2. O PROBLEMA CRÍTICO
Se forem tomadas por aquilo que ostentam ser, as Epístolas Pastorais têm, assim, um interesse e uma importância especiais. Como cartas, diferem da maioria das paulinas, sendo escritas a indivíduos mais do que as igrejas, e diferem de Filemon porque seu caráter é oficial, em vários graus, e não exclusivamente pessoal. Levantam a cortina de modo revelador, quanto a aspectos das atividades do Apóstolo que, de modo geral, passam desapercebidos no restante da sua correspondência.
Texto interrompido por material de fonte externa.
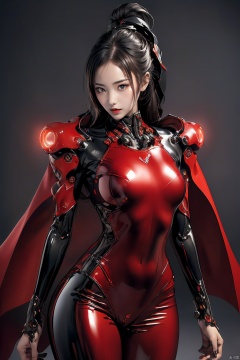 (Masterpiece: 1.6, (highly detailed: 1.6), (best quality: 1.6) (high resolution: 1.6) 1 girl, red patent leather Skin-tight garment, (mechanical: 1.1), complex decoration, armed weapons, Futurism, punk,machinery,blue_jijiaS,Sexy muscular, Hyung Tae Kim, mecha, circular face
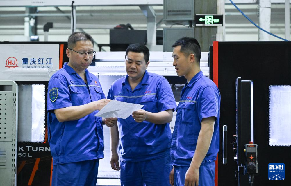 5月23日,傅国涛(左一)在重庆红江机械有限责任公司生产车间与同事交流。
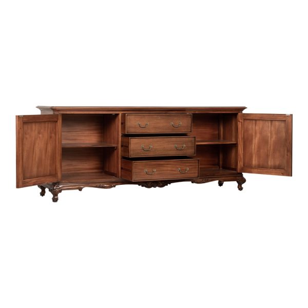 With its clean lines and natural wood tones, the Versailles Sideboard is a stylish addition to any space. This Sideboard buffet pairs a natural dark finish with chic handcrafting for a cool, contemporary look.
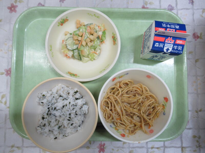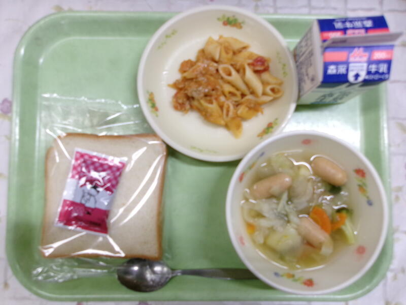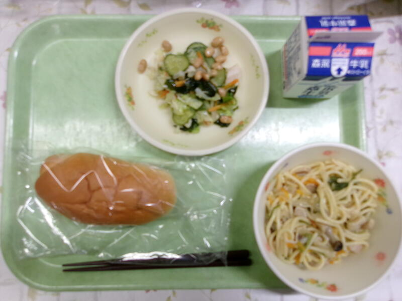 ミルクパン、きのこスパゲティ、イタリアンサラダ
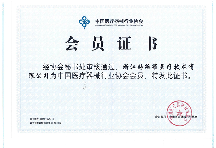 中國醫(yī)療器械行業(yè)協(xié)會會員證書
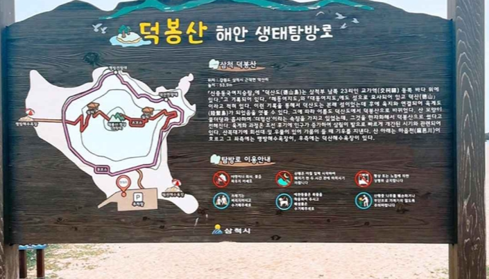 덕봉산은 해안가에 위치한 소규모 산으로, 자연 생태와 아름다운 해안 경관을 동시에 즐길 수 있는 탐방로가 조성되어 있습니다.
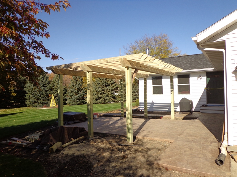 Underside of backyard pergola. Close spacing of lumber provides relief from afternoon sun.
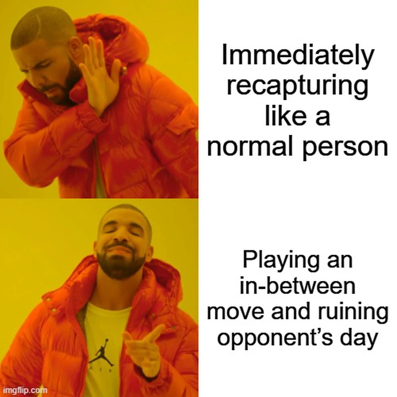 Sometimes you don’t rush to take back material right away. Instead, you slip in a move that creates an immediate threat - forcing your opponent to deal with it first. And only then you recapture on your own terms. That’s the idea behind an in-between move.This idea is crucial - miss just one in-between move, and even a grandmaster can throw away a winning position in a single moment.
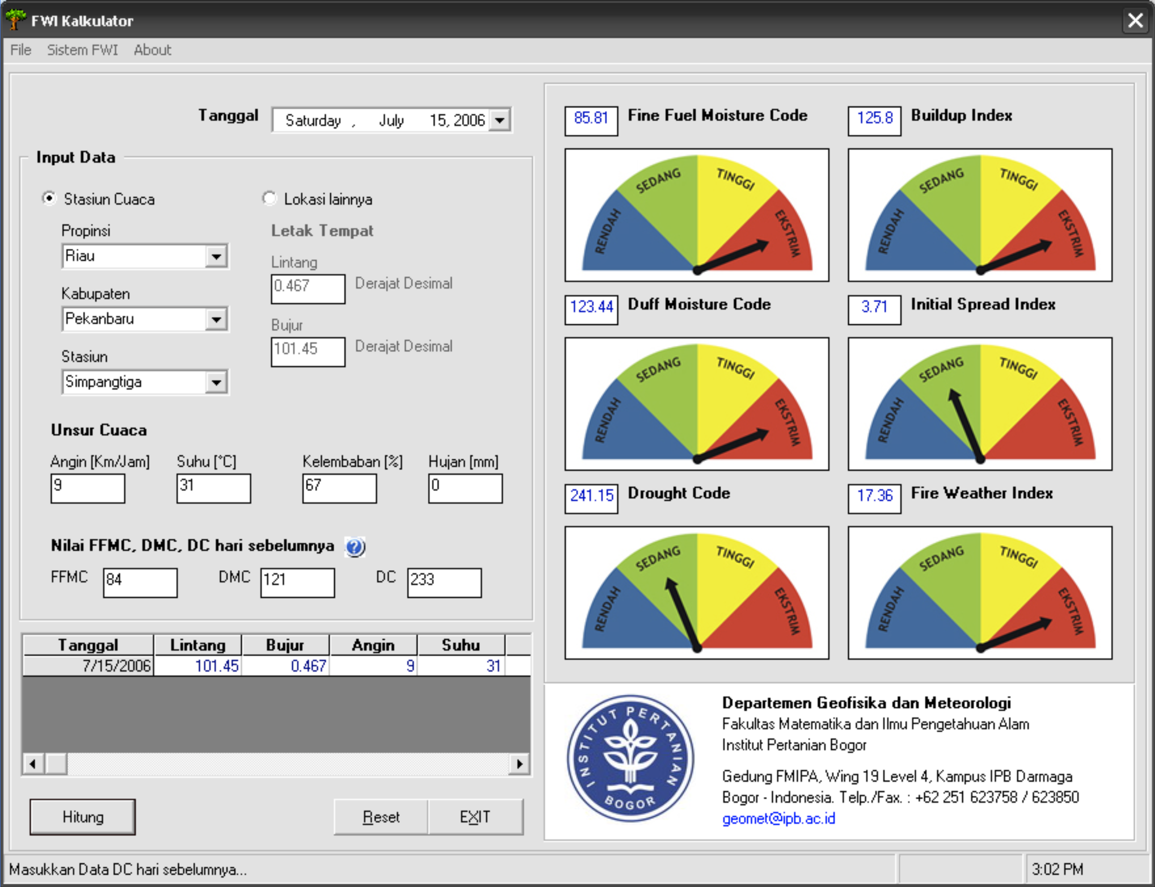LAPAN secara rutin melakukan pemantauan Sistem Peringkat Bahaya Kebakaran (SPBK/FDRS - Fire Danger Rating System) berbasis data satelit
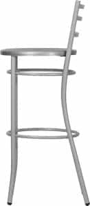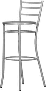 La struttura dello sgabello è realizzata in tubo d’acciaio dal diametro di 25 millimetri, saldato a 360° per garantire una resistenza e una stabilità ottimali. Lo schienale è arricchito da profili di ferro piatto curvato, per offrire maggiore supporto alla schiena.

Mostram-nos alguma coisa acerca dos seus relacionamentos com seus colegas mais íntimos e responsáveis, e ilustram sua solicitude pêlos arranjos administrativos, sua abordagem aos problemas práticos, e as novas ênfases na sua teologia posterior. Além disto, oferecem relances fascinantes da vida e da organização da igreja, e das distorções doutrinárias contra as quais tinha de lutar, na década dos sessenta, no século I. No que diz respeito ao próprio Paulo, nem é necessário dizer que a evidência delas no tocante aos seus movimentos e atitudes nos anos finais de sua carreira é incomensuravelmente preciosa.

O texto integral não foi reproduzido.